San Antonio Express-News

Son’s in-laws reject attempts to create a relationsh­ip

- By Judith Martin Please send questions for Miss Manners to her email, dearmissma­nners@gmail.com

Dear Miss Manners: My son has been married to a woman for almost seven years, and together they have three daughters. For the first two years, during the holidays, I sent my daughter-in-law’s parents a small but nice gift basket, along with a warm note wishing them a wonderful holiday and thanking them for “co-grandparen­ting our granddaugh­ters.” I never received a “thank you” or any sort of acknowledg­ment from them. Two years after my son and his wife married, her father passed away. Four months later, her mother remarried. This caused a lot of tension within the family, and my daughter-inlaw and her siblings have had a very hard time accepting this new marriage.

I still continue to send a small token gift, and still have not received an acknowledg­ment. I have extended holiday dinner invitation­s to my daughter-in-law’s mother and her husband (with my DIL’S permission) because I think we should all just get along, and I would like my grandchild­ren to see both sets of grandparen­ts.
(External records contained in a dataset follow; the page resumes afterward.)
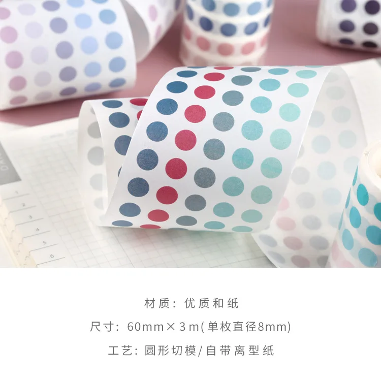 Декоративная маскирующая лента в горошек, 60 мм х 3 м, декоративный Базовый элемент, лента для самостоятельной сборки, скрапбукинг, декоративные наклейки, японские Канцтовары
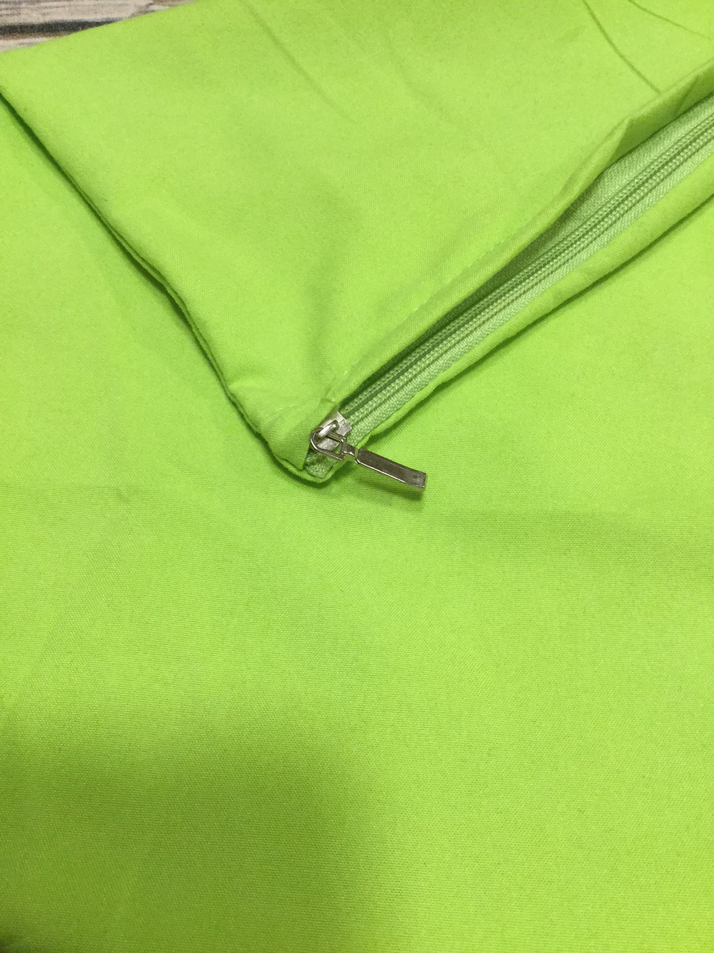 Zipper is the same colour as the pillowcase. Has a silver zipper pull.
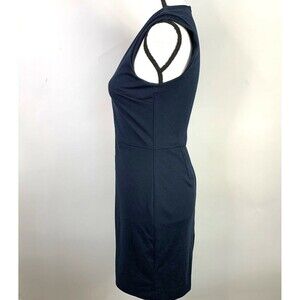 Banana Republic Outlet Sleeveless Sheath Dress Women O Navy Faux Leather detail
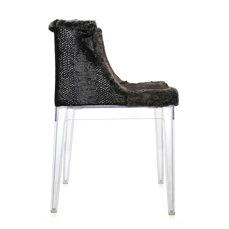 ポリカーボネート製の軽快なフレームとKravitz デザインチームとLenny Kravitzが手がけた衣装をまとったチェア。直線的で調和のとれたフォルムで座り心地も快適です。アメリカのスーパースター、Lenny Kravitzのエスプリを見事に反映し、マドモワゼルのオートクチュール風エレガンスとロックで野性的な雰囲気の張り地を組み合わせた3つのバージョンで展開します。
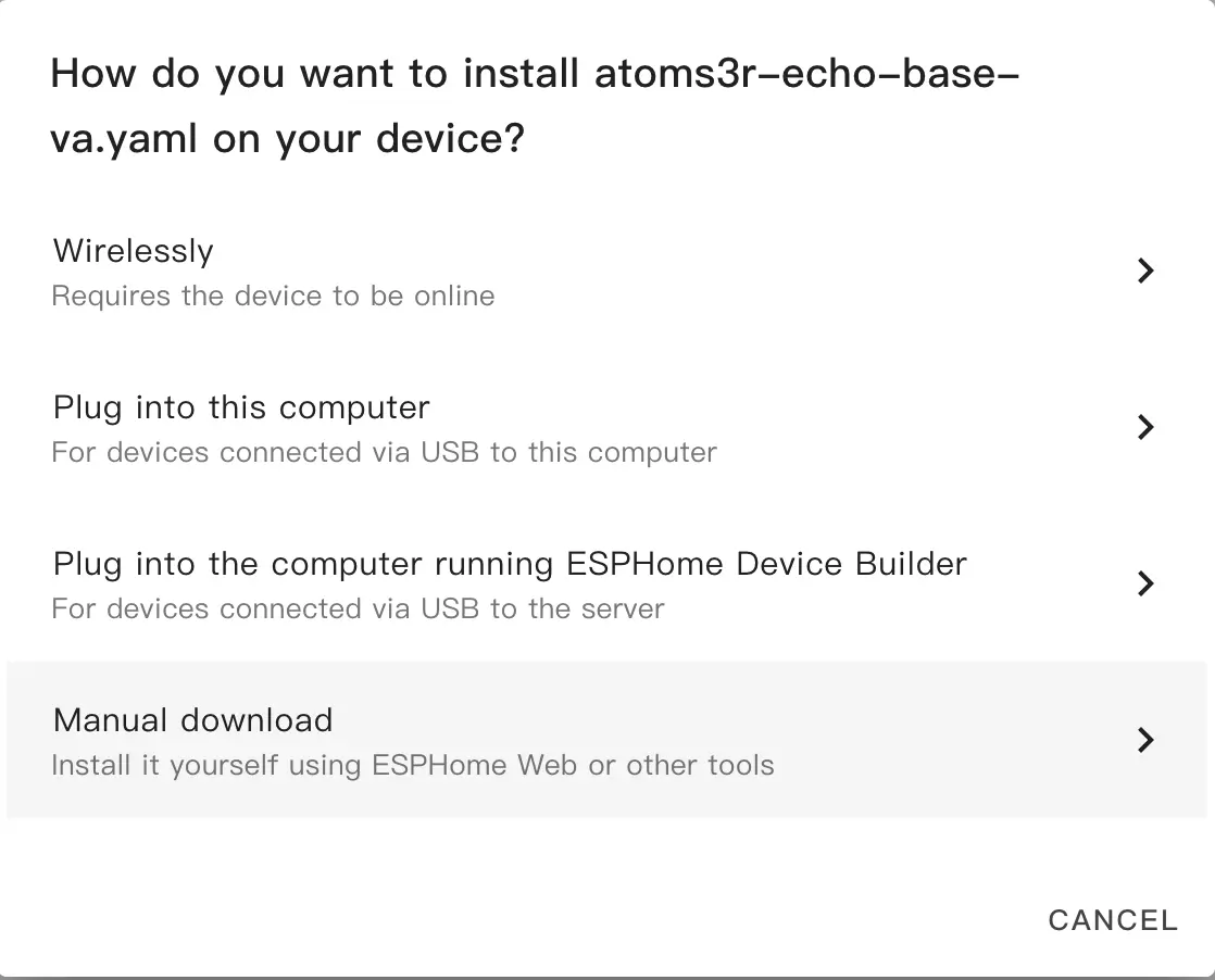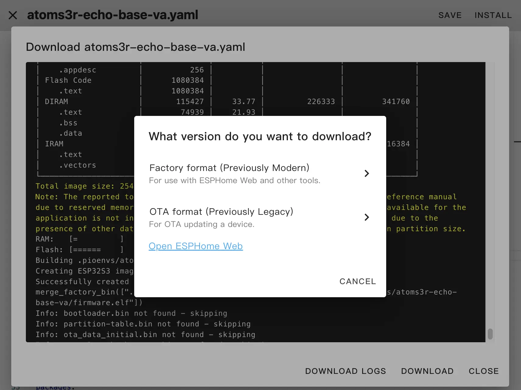Download and choose Factory Format (Previously Modern) to save the firmware locally.Open ESPHome Web to use the web flasher.

The invitation­s are accepted but then declined, usually on the day of the event.

My husband tells me to stop the gift baskets and the invitation­s. I know that I can’t fix this mess between them, but I do not want there to be any regrets in the future. Should I stop, as my husband requested me to do?

Gentle Reader: You can have no reason for future regrets, which suggests that the remorse you wish to prevent is that of your daughter-inlaw’s mother.

Based on her behavior to date, there is little reason to worry about this.